Insight of Nuclear Energy Technology

Under what conditions nuclear energy could become competitive?

Nuclear energy could be competitive if you consider a reduction in construction costs about $1,500 / kW, at a cost well below those experienced in the 80 and 90, and 25% lower than those estimated by the EIA in 2003. You should reduce the construction period to 4 years. And a reduction in operating and maintenance costs by 25%, including fuel costs. Added to this internalization of the costs of CO2 emissions by penalizing coal power plants and gas at a rate between 100 and 200 $ / TC.Modern designs can reduce the risk of serious accidents, but it is essential to follow the “best practices” in construction and operation.

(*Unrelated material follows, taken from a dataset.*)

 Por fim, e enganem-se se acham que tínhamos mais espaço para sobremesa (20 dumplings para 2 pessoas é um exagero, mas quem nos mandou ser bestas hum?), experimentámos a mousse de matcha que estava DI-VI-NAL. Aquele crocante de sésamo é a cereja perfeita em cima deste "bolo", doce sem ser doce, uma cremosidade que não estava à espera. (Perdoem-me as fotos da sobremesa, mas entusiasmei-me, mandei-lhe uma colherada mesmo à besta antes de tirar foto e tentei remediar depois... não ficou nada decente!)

Little is known of the complete fuel security. Chernobyl aside, the U.S. experience gives us an accident with core damage in 3,500 reactor-years. Using Probabilistic Risk Assessment techniques (PRA) and the opinion of experts, the best estimate of the rate of accidents in the U.S. with core damage accident is 1 in 10,000 reactor-years. Assuming that the rate was correct PRA accidents per reactor-year, with current technology at MIT’s proposal would 4 accidents before 2055, which is clearly unaffordable. Rate accidents per reactor-year are considered feasible, although not proven, based on what the industry says about their new designs for LWR and HTGR. Secure these rates, however, would require strict control and supervision of all construction phases, and very ready templates, which may impact the timing and construction costs.

Today almost all the reactors are LWRs and likely will remain so, since the introduction of new types of reactors would require considerable resources and a long period of operational experience before establishing their dissemination. Terrorism poses a host of new threats for which no countermeasures were provided. Unresolved the question of what to do to strengthen nuclear facilities against possible terrorist attacks 11-S type. It is assumed that structurally resist the reactor building, but it is unknown what might happen when suddenly were affected all adjacent facilities.

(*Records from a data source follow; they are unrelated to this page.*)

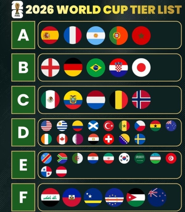 - 축구 전문 매체 더 터치 라인은 2일퍼플렉시티 AI가 분석한 북중미 월드컵 티어리스트를 공개했다.
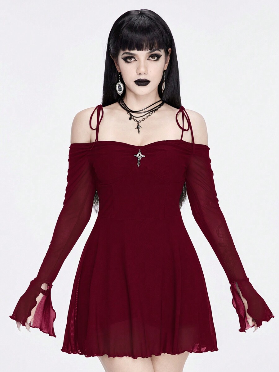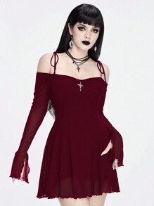 Goth Sexy Off-Shoulder Twist Mesh Criss-Cross Pendant Bodycon Dress
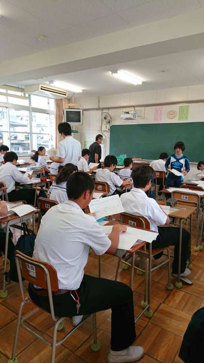 1限目の学活はアンケートと道徳学習の振り返りを行いました。計6回の学習分のプリントを返却してもらい最も印象が残っている授業や箇所を思い出して再度確認を行いました。どのクラスも真剣に学習し集中して振り返りを行うことができました。

The management and disposal of highly radioactive waste is one of the most intractable problems facing the nuclear industry. No country has successfully implemented an effective system for storing and / or eliminates waste.

The AGP is still the most-studied option, but after more than 15 years of analysis and assessment, the CPA of Yucca Mountain is still no time or budget to put into operation. Even if Yucca Mountain becomes operational some day, would not solve the problem, nor for the U.S. or to other countries, if nuclear power expands substantially. The global scenario of 1,000 GW of LWRs would require the construction of a Yucca Mountain repository type (70 kT) every three or four years somewhere in the world.

Nuclear power should not expand unless the proliferation risk from commercial fuel cycle can be reduced sufficiently. The aim should be to minimize the proliferation risks related to the operation of the business cycle of nuclear fuel. So he could carry out the program of 1,000 GW with acceptable risk of proliferation, enrichment and reprocessing facilities should be restricted to a few countries.